-------- INPUT RECORDS --------
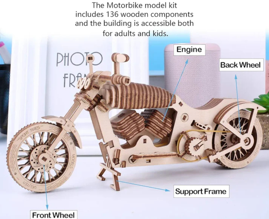 The Motorcycle 3D Mechanical Wooden Puzzle is a detailed precision cut wooden model that assembles into a realistic motorcycle with moving mechanical parts. Designed for an immersive hands on building experience it showcases exposed gears and smooth motion once completed. Perfect for styling on a desk shelf or display case it adds a bold handcrafted accent and makes a great gift for motorcycle and puzzle fans.
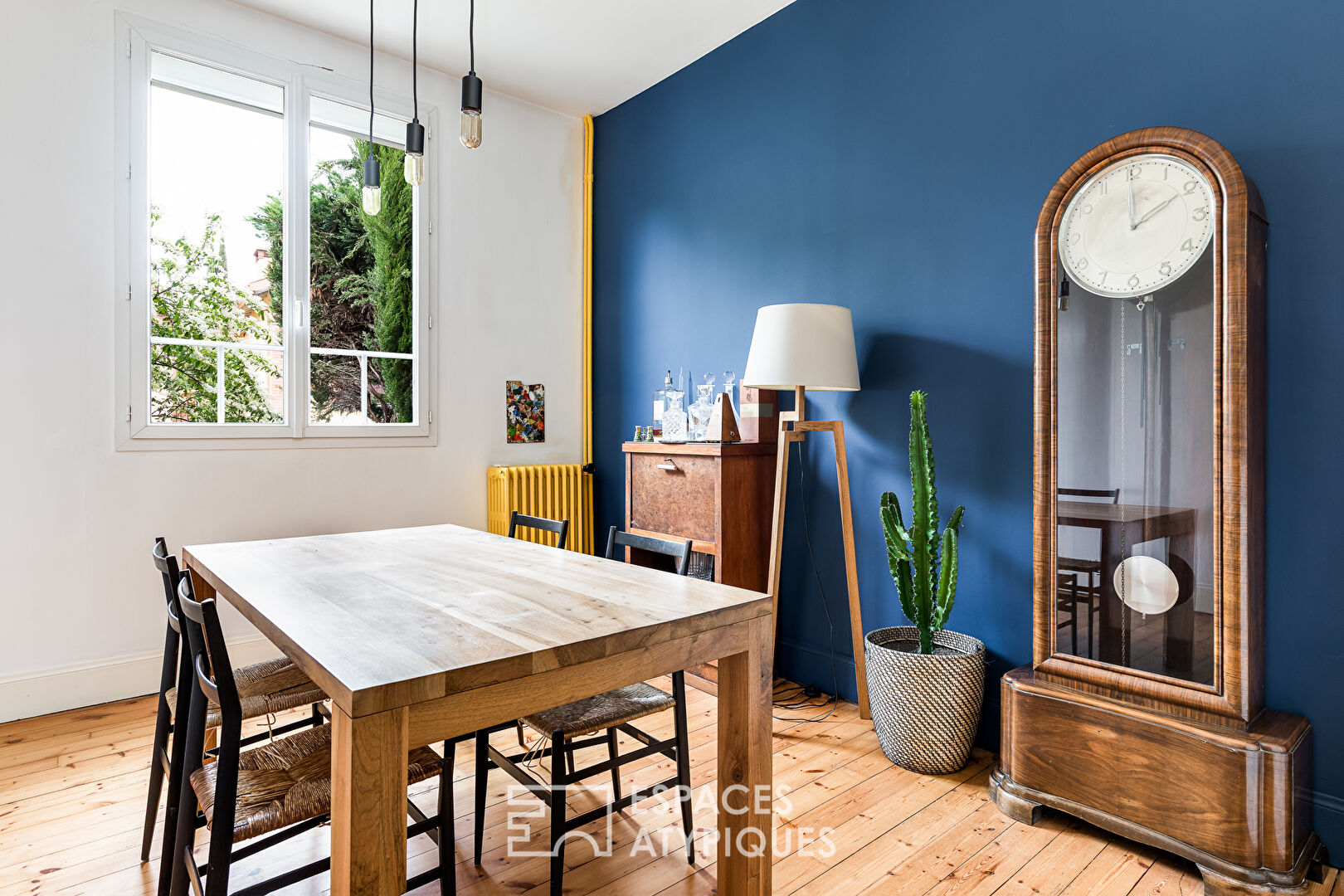 Derrière la façade sobre typique de l’architecture toulousaine des années 1930, l’entrée s’ouvre sur un espace de vie lumineux et généreux. Organisé autour d’une cheminée d’époque et baigné de lumière grâce à de larges ouvertures sur le jardin, le salon est structuré par des pièces iconiques telles qu’un canapé Togo et des suspensions au design industriel.
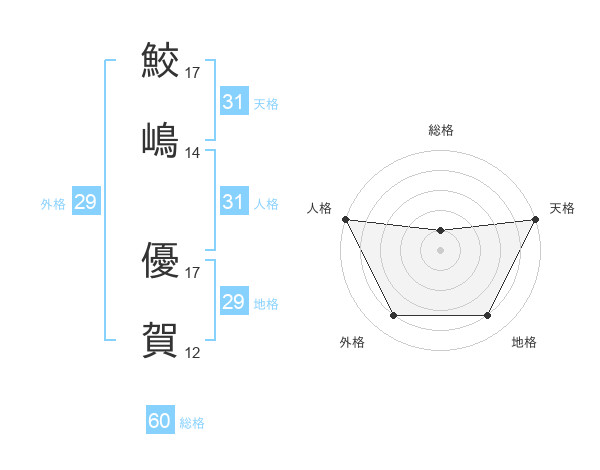 鮫嶋 優賀さんの総格は60画の1点!
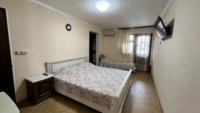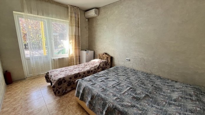 Трехместный номер со всеми удобствами, санузлом, кондиционером, холодильником и телевизором.
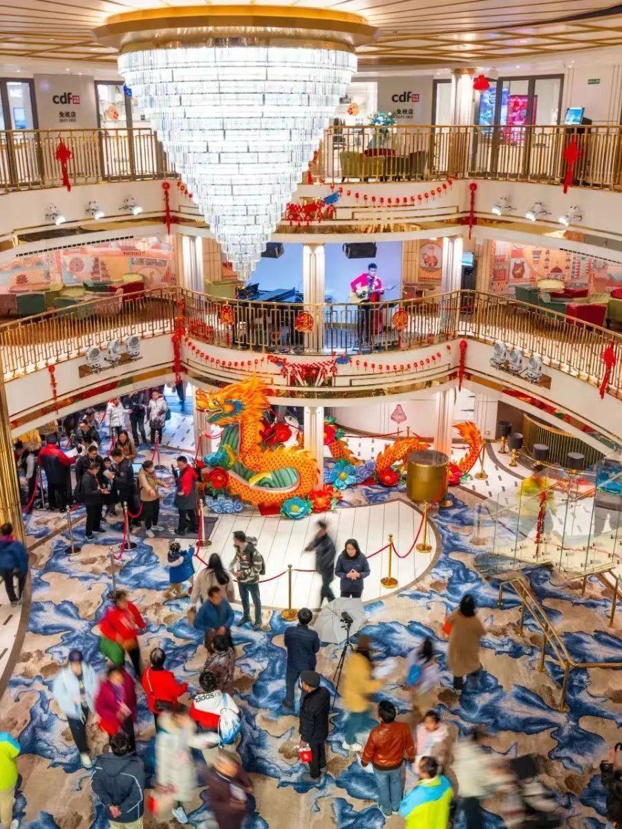 游客金先生一家四口在船上共度春节假期,他表示:“春节期间船上的年味很足,各类民俗表演、互动游戏非常丰富。大家齐聚一堂共同庆祝,这样热闹的体验特别难忘。”
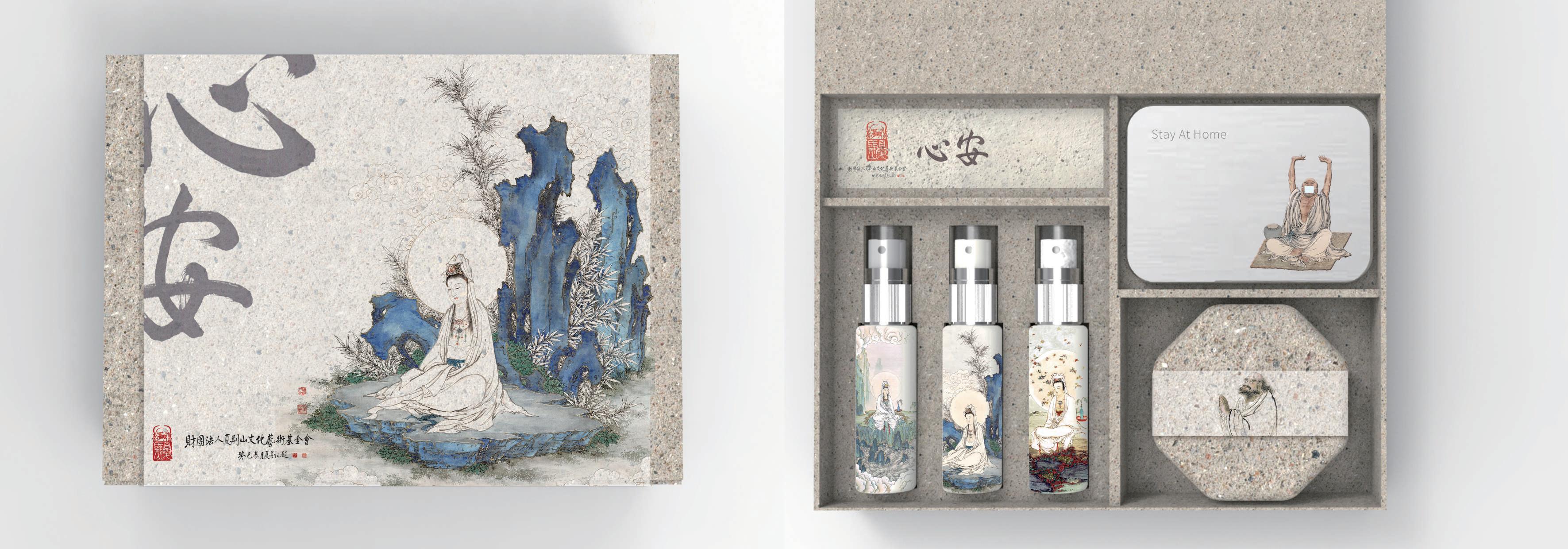 本禮盒材質選用環保再生紙,外包裝以青石觀音畫作與「心 安」的書法字呈現,希望收到此禮品的朋友,越用越心安。
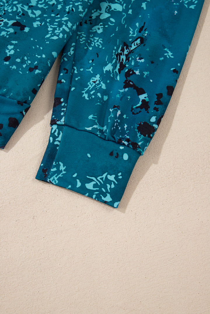 Blue Tie Dye Cow Color Block Pullover Sweatshirt
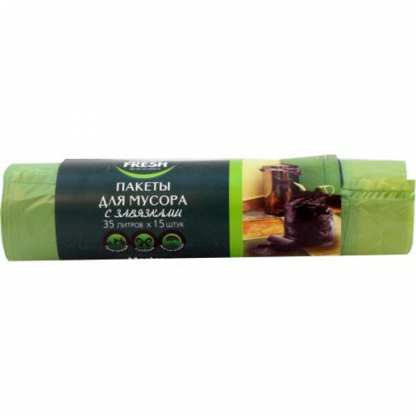 Пакеты для мусора Master FRESH Зеленые, с завязками, 14 мкм, 35 л, 15 шт
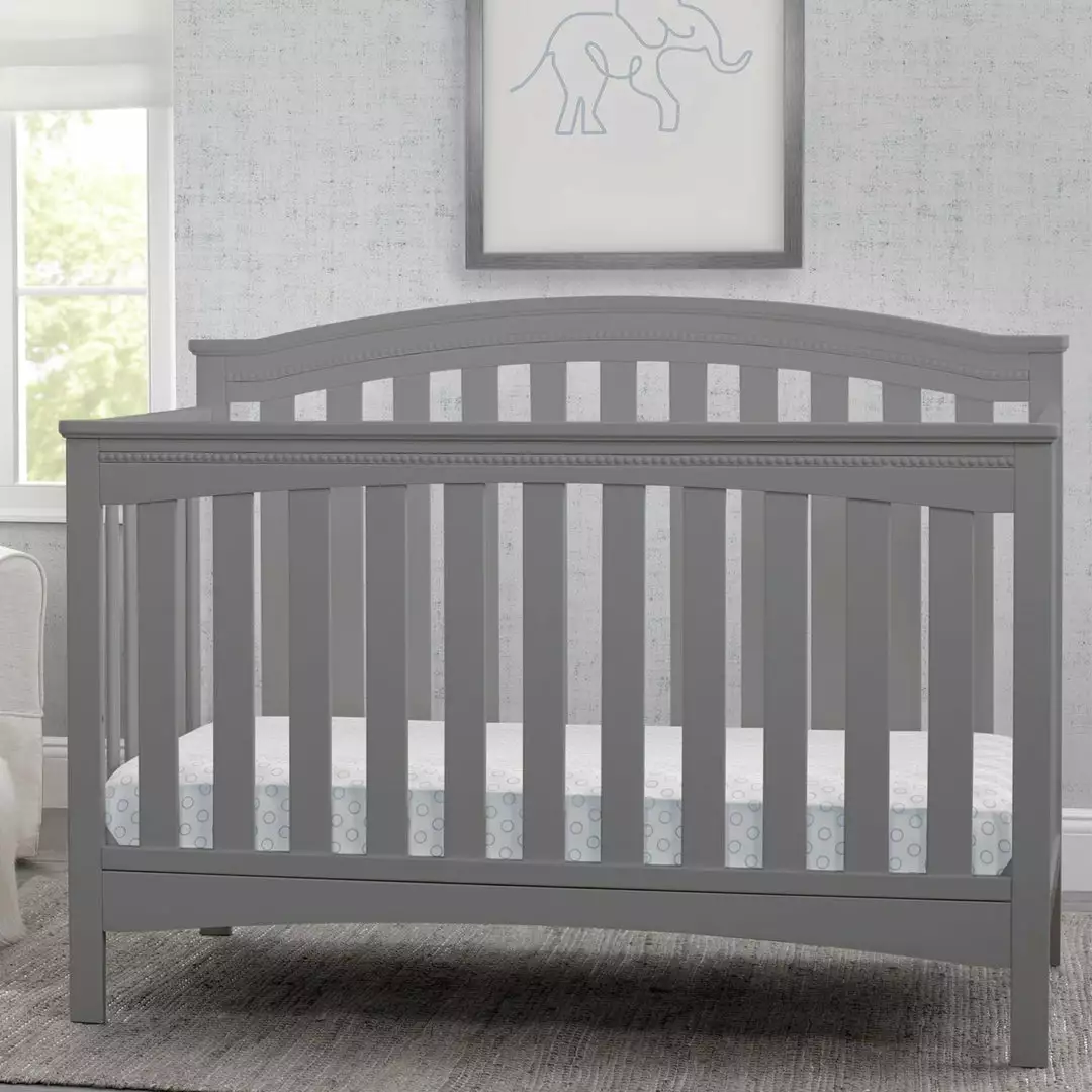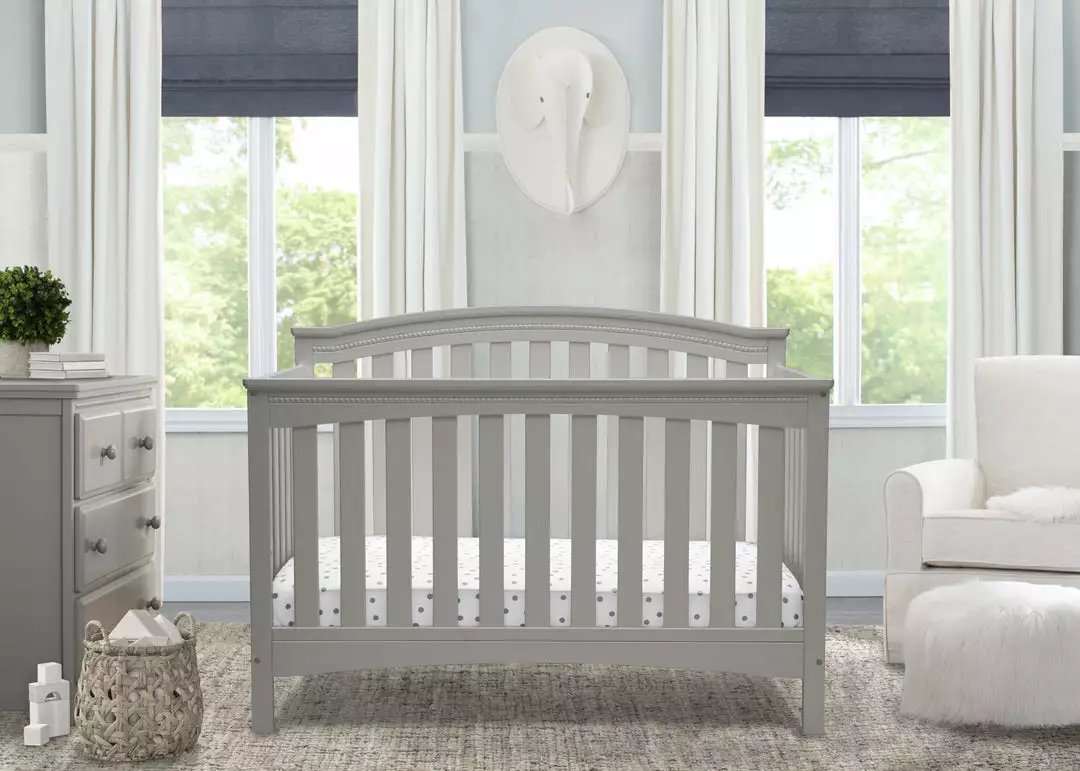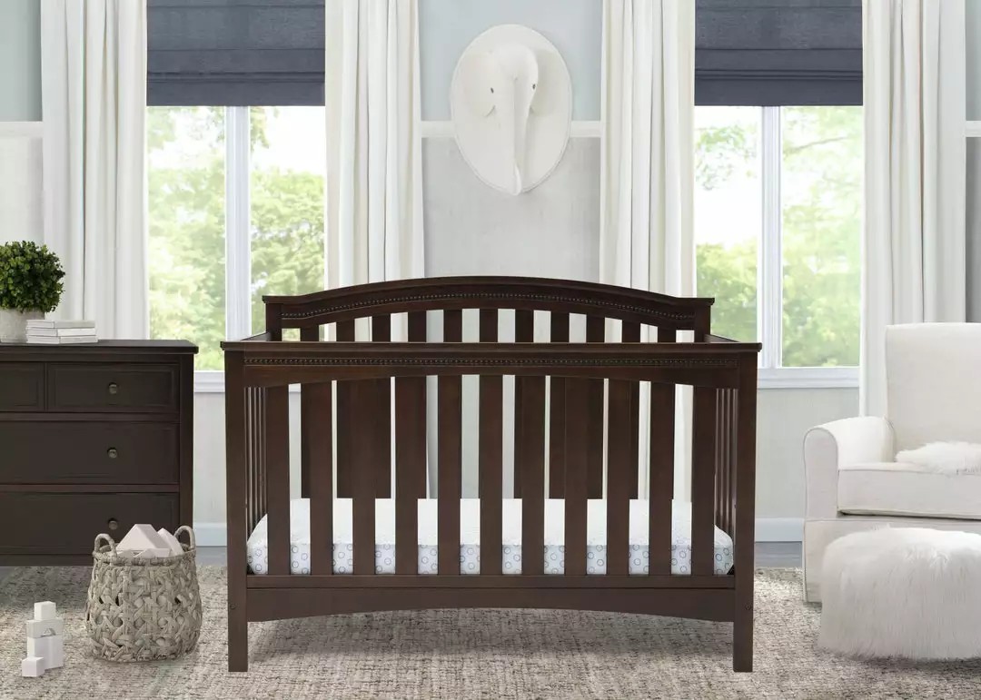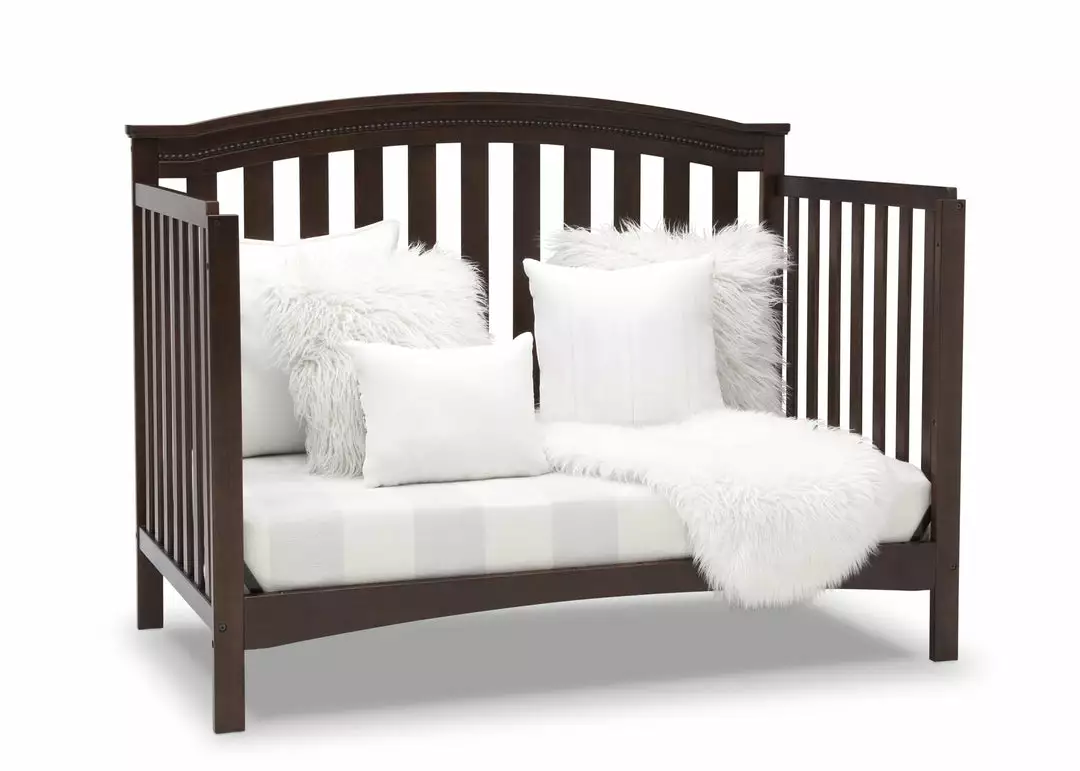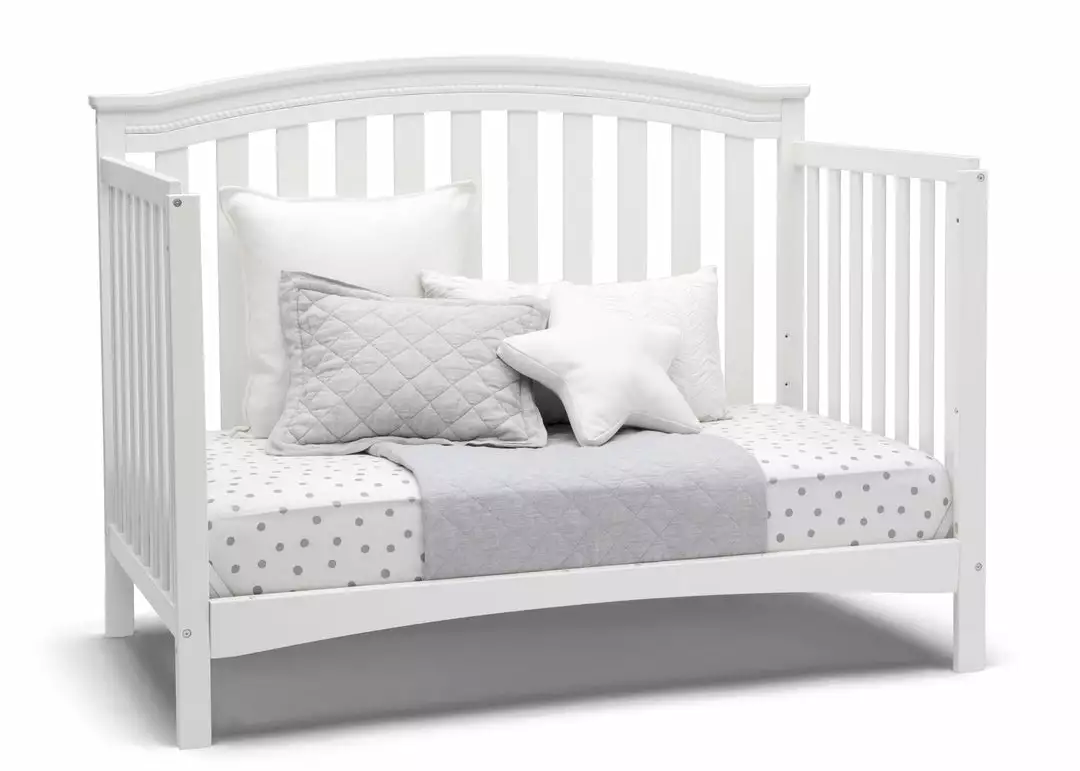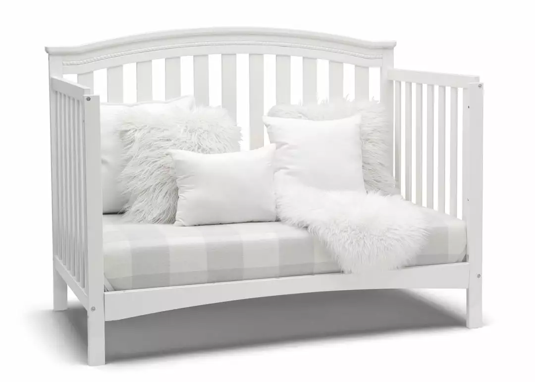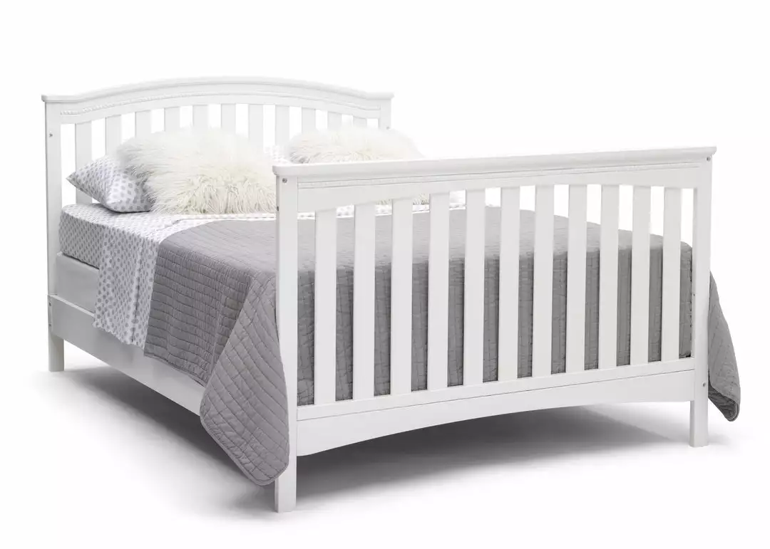 The Waverly 6-in-1 Convertible Crib by Delta Children features elegant crown molding and beadwork on both the headboard and footboard. Itâs stylish, well-priced, and will be loved from birth to toddlerhood to teendom. An adjustable three-position mattress platform keeps baby safe at all stagesâlower it as your baby begins to sit or stand. This timeless crib is also convertible, it converts into a toddler bed, daybed, sofa, full size bed with headboard only and full size bed with headboard and footboard. Complete your babyâs nursery with coordinating pieces from Delta Children.
--------
For every entry above, please output the text exactly and leave any picture behind.

## WRITTEN RESPONSE
 The Motorcycle 3D Mechanical Wooden Puzzle is a detailed precision cut wooden model that assembles into a realistic motorcycle with moving mechanical parts. Designed for an immersive hands on building experience it showcases exposed gears and smooth motion once completed. Perfect for styling on a desk shelf or display case it adds a bold handcrafted accent and makes a great gift for motorcycle and puzzle fans.
 Derrière la façade sobre typique de l’architecture toulousaine des années 1930, l’entrée s’ouvre sur un espace de vie lumineux et généreux. Organisé autour d’une cheminée d’époque et baigné de lumière grâce à de larges ouvertures sur le jardin, le salon est structuré par des pièces iconiques telles qu’un canapé Togo et des suspensions au design industriel.
 鮫嶋 優賀さんの総格は60画の1点!
 Трехместный номер со всеми удобствами, санузлом, кондиционером, холодильником и телевизором.
 游客金先生一家四口在船上共度春节假期,他表示:“春节期间船上的年味很足,各类民俗表演、互动游戏非常丰富。大家齐聚一堂共同庆祝,这样热闹的体验特别难忘。”
 本禮盒材質選用環保再生紙,外包裝以青石觀音畫作與「心 安」的書法字呈現,希望收到此禮品的朋友,越用越心安。
 Blue Tie Dye Cow Color Block Pullover Sweatshirt
 Пакеты для мусора Master FRESH Зеленые, с завязками, 14 мкм, 35 л, 15 шт
 The Waverly 6-in-1 Convertible Crib by Delta Children features elegant crown molding and beadwork on both the headboard and footboard. Itâs stylish, well-priced, and will be loved from birth to toddlerhood to teendom. An adjustable three-position mattress platform keeps baby safe at all stagesâlower it as your baby begins to sit or stand. This timeless crib is also convertible, it converts into a toddler bed, daybed, sofa, full size bed with headboard only and full size bed with headboard and footboard. Complete your babyâs nursery with coordinating pieces from Delta Children.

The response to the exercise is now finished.